### Dataset excerpts
+ + + +
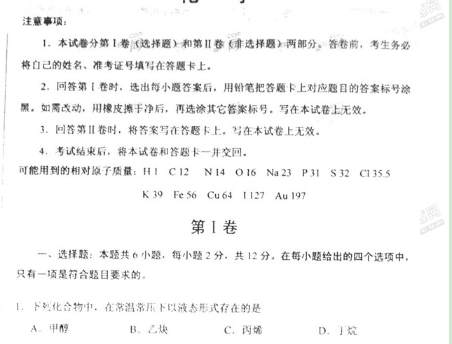2011年普通高等学校招生全国统一考试(海南卷)(化学)扫描版无答案
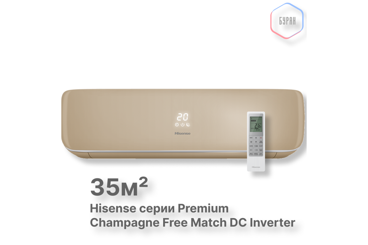 Выбирая Hisense Premium Champagne Free Match DC Inverter, вы получаете сочетание элегантного дизайна и передовых технологий. Премиальный цвет "Шампань" придаст изысканность любому интерьеру, а инверторная технология обеспечит энергоэффективность и тихую работу устройства.
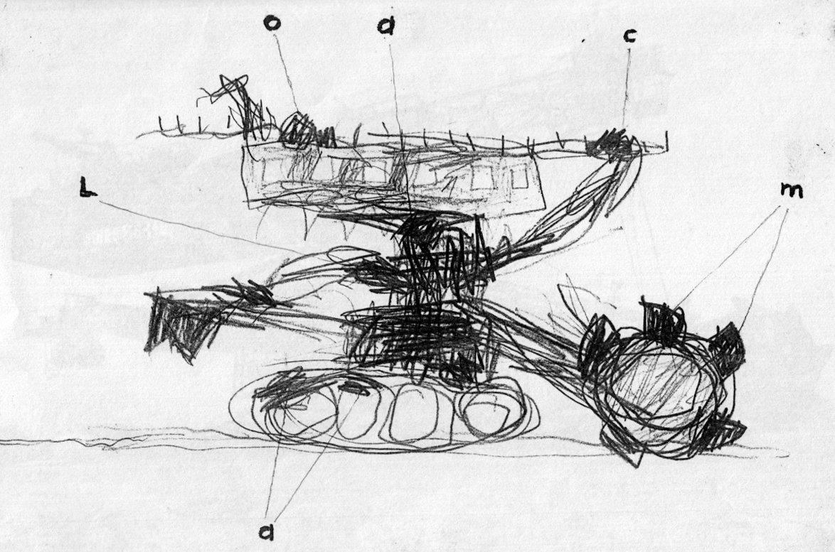 Lacoma. 1992. 14 x 3 m. Wort-Skulptur aus Teilen eines Tagebau-Baggers. Motorenverkleidungen, Radkappen, Eimer des Schaufelrades, Schurre, Stahlträger. mit einer Bagger-Brigade der Lausitzer Braunkohle AG während der Verschrottung des Baggers. Standort: Bundesstraße 169, Höhe Leuthen, bei Drebkau, Lausitz. Die Skulptur und der während der Arbeit entstandene Videofilm Lacoma waren die Meisterschülerarbeit an der Hochschule der Künste Berlin bei Professor Boës.
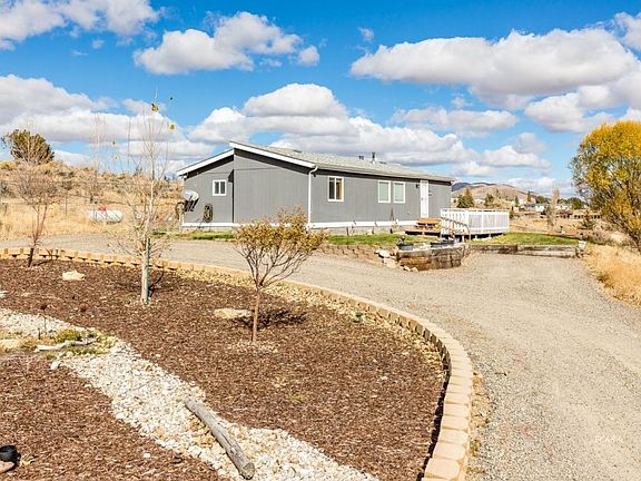 Well maintained home at 1248-SF with 3 bedrooms and 2 bathrooms with central air. Kitchen was remodeled with beautiful finishes and open concept. The living room is spacious with view of the rubies and a pellet stove. The master bedroom is large with an updated bathroom done. Sits on 1.26 Acres with a fully fenced back yard, circle driveway, maintained yard with full sprinkler and drip system. The exterior of the home has a front deck, covered back deck, 17x 18 pole barn and a shed.
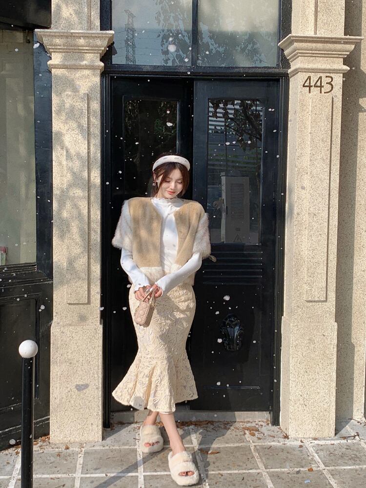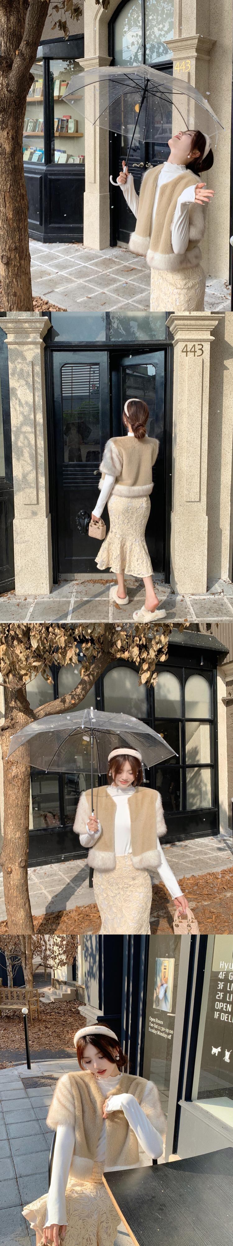 スタンダードファーコート オータムウィンターショートルーズカーディガン半袖スリーブ レトロ ハーフスリーブ 秋物 冬物 ステッチ 10/5 秋冬 オータム ウインター ナチュラル mi462693000635
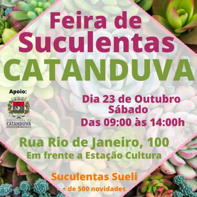 Opção para presentear e mudar o visual de um ambiente em casa! A Estação Cultura Deca Ruette recebe, neste sábado, dia 23, a Feira de Suculentas. As plantas ficarão expostas na área externa do espaço, respeitando as regras de enfrentamento à covid-19. O uso de máscara é obrigatório. A programação começa 9 horas e segue até as 14 horas com entrada gratuita.
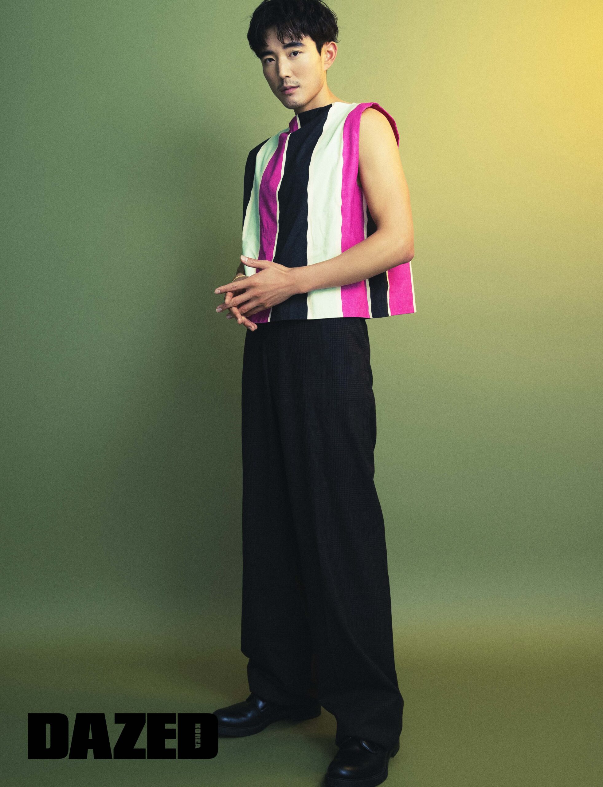 스트라이프 패턴의 슬리브리스 톱과 팬츠, 더비 슈즈는 모두 프라다(Prada), 골드 체인 브레이슬릿은 돌체앤가바나(Dolce&Gabbana).
+ + + +
### Instructions for the task
Reproduce every entry above in full and exactly, though not its pictures.

### Solution to the problem
2011年普通高等学校招生全国统一考试(海南卷)(化学)扫描版无答案
 Выбирая Hisense Premium Champagne Free Match DC Inverter, вы получаете сочетание элегантного дизайна и передовых технологий. Премиальный цвет "Шампань" придаст изысканность любому интерьеру, а инверторная технология обеспечит энергоэффективность и тихую работу устройства.
 Lacoma. 1992. 14 x 3 m. Wort-Skulptur aus Teilen eines Tagebau-Baggers. Motorenverkleidungen, Radkappen, Eimer des Schaufelrades, Schurre, Stahlträger. mit einer Bagger-Brigade der Lausitzer Braunkohle AG während der Verschrottung des Baggers. Standort: Bundesstraße 169, Höhe Leuthen, bei Drebkau, Lausitz. Die Skulptur und der während der Arbeit entstandene Videofilm Lacoma waren die Meisterschülerarbeit an der Hochschule der Künste Berlin bei Professor Boës.
 Well maintained home at 1248-SF with 3 bedrooms and 2 bathrooms with central air. Kitchen was remodeled with beautiful finishes and open concept. The living room is spacious with view of the rubies and a pellet stove. The master bedroom is large with an updated bathroom done. Sits on 1.26 Acres with a fully fenced back yard, circle driveway, maintained yard with full sprinkler and drip system. The exterior of the home has a front deck, covered back deck, 17x 18 pole barn and a shed.
 スタンダードファーコート オータムウィンターショートルーズカーディガン半袖スリーブ レトロ ハーフスリーブ 秋物 冬物 ステッチ 10/5 秋冬 オータム ウインター ナチュラル mi462693000635
 Opção para presentear e mudar o visual de um ambiente em casa! A Estação Cultura Deca Ruette recebe, neste sábado, dia 23, a Feira de Suculentas. As plantas ficarão expostas na área externa do espaço, respeitando as regras de enfrentamento à covid-19. O uso de máscara é obrigatório. A programação começa 9 horas e segue até as 14 horas com entrada gratuita.
 스트라이프 패턴의 슬리브리스 톱과 팬츠, 더비 슈즈는 모두 프라다(Prada), 골드 체인 브레이슬릿은 돌체앤가바나(Dolce&Gabbana).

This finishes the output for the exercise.